Generating Long Sequences with Sparse Transformers (1904.10509v1)

Published 23 Apr 2019 in cs.LG and stat.ML

Abstract: Transformers are powerful sequence models, but require time and memory that grows quadratically with the sequence length. In this paper we introduce sparse factorizations of the attention matrix which reduce this to $O(n \sqrt{n})$. We also introduce a) a variation on architecture and initialization to train deeper networks, b) the recomputation of attention matrices to save memory, and c) fast attention kernels for training. We call networks with these changes Sparse Transformers, and show they can model sequences tens of thousands of timesteps long using hundreds of layers. We use the same architecture to model images, audio, and text from raw bytes, setting a new state of the art for density modeling of Enwik8, CIFAR-10, and ImageNet-64. We generate unconditional samples that demonstrate global coherence and great diversity, and show it is possible in principle to use self-attention to model sequences of length one million or more.

PDF Abstract

Introduction

In their contribution to the field, Child et al. introduce several enhancements to the Transformer architecture with the intent of addressing the limitations imposed by sequence length on time and memory resources. The seminal model, although proficient in a range of sequence modeling tasks, experiences a quadratically increasing computational burden with lengthier sequences. The proposed modifications by Child et al. include sparse factorizations of the attention matrix and supporting innovations to effectively model sequences of substantial length.

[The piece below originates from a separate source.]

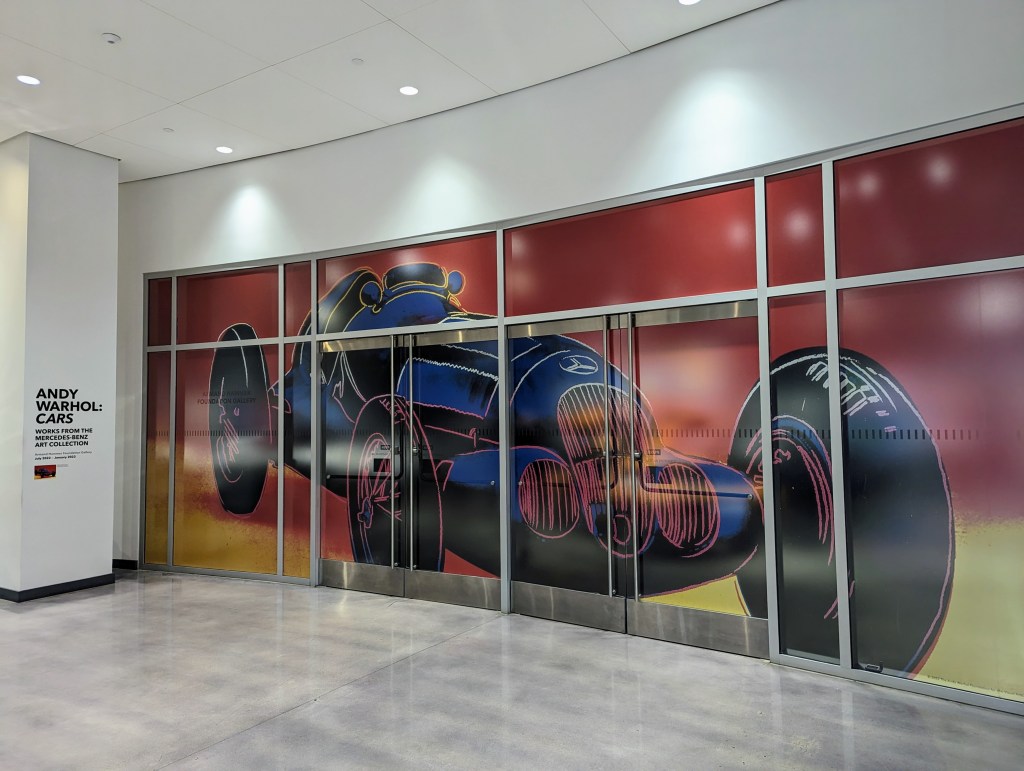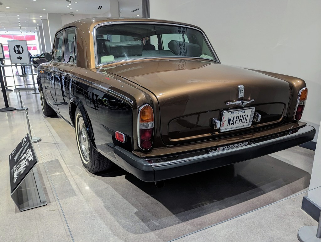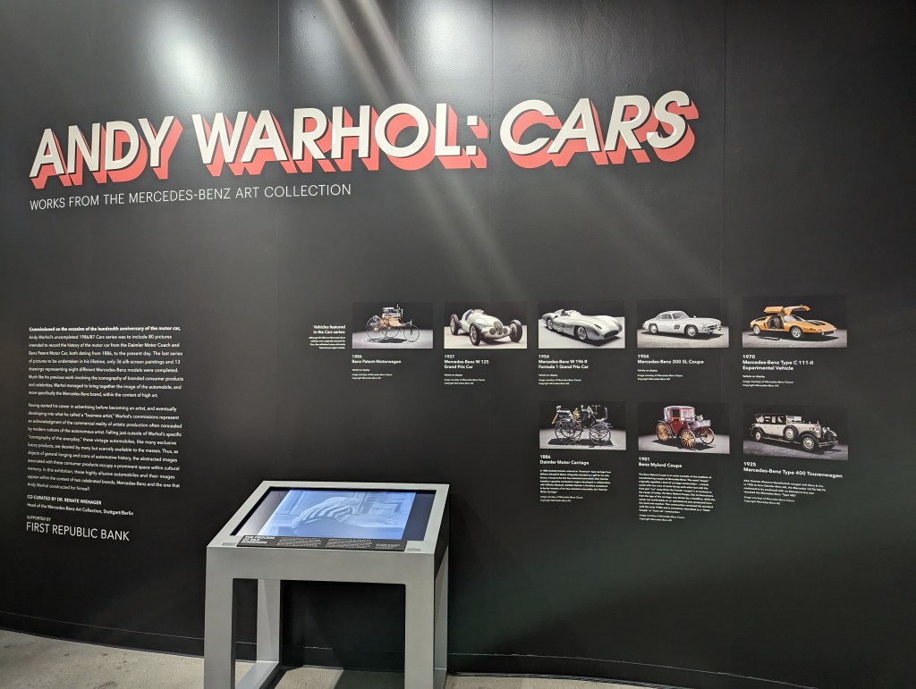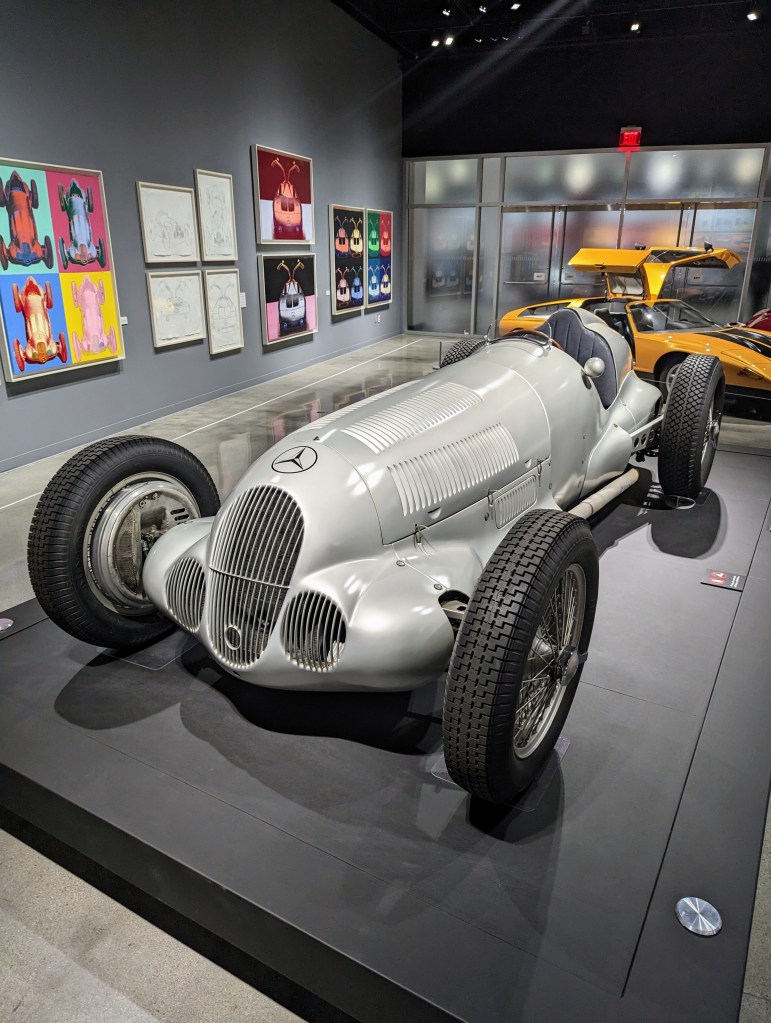 Last but certainly not least was the Mercedes / Andy Warhol Art Collection, which featured Toby ‘s other favorite, the 300SL Gullwing. It also featured the W196 R F1 that powered Juan-Manuel Fangio to 1954 and 1955 World Champion, and Andy Warhol’s own Rolls Royce (not Mercedes). And did I mention the art on the wall?

Related Work and Background

The paper situates itself within the landscape of neural autoregressive models which excel in modeling high-dimensional data distributions inherent to text, audio, and visual data sequences. Although these models, including CNN-based architectures and WaveNet, exhibit notable capabilities, their success comes with a steep computational price. The Transformer architecture by Vaswani et al., though outperforming in natural language tasks, is similarly demanding in resources when faced with long sequences. Child et al.'s work is primarily focused on curtailing the memory and computational requirements of the Transformer for extended sequences without sacrificing performance.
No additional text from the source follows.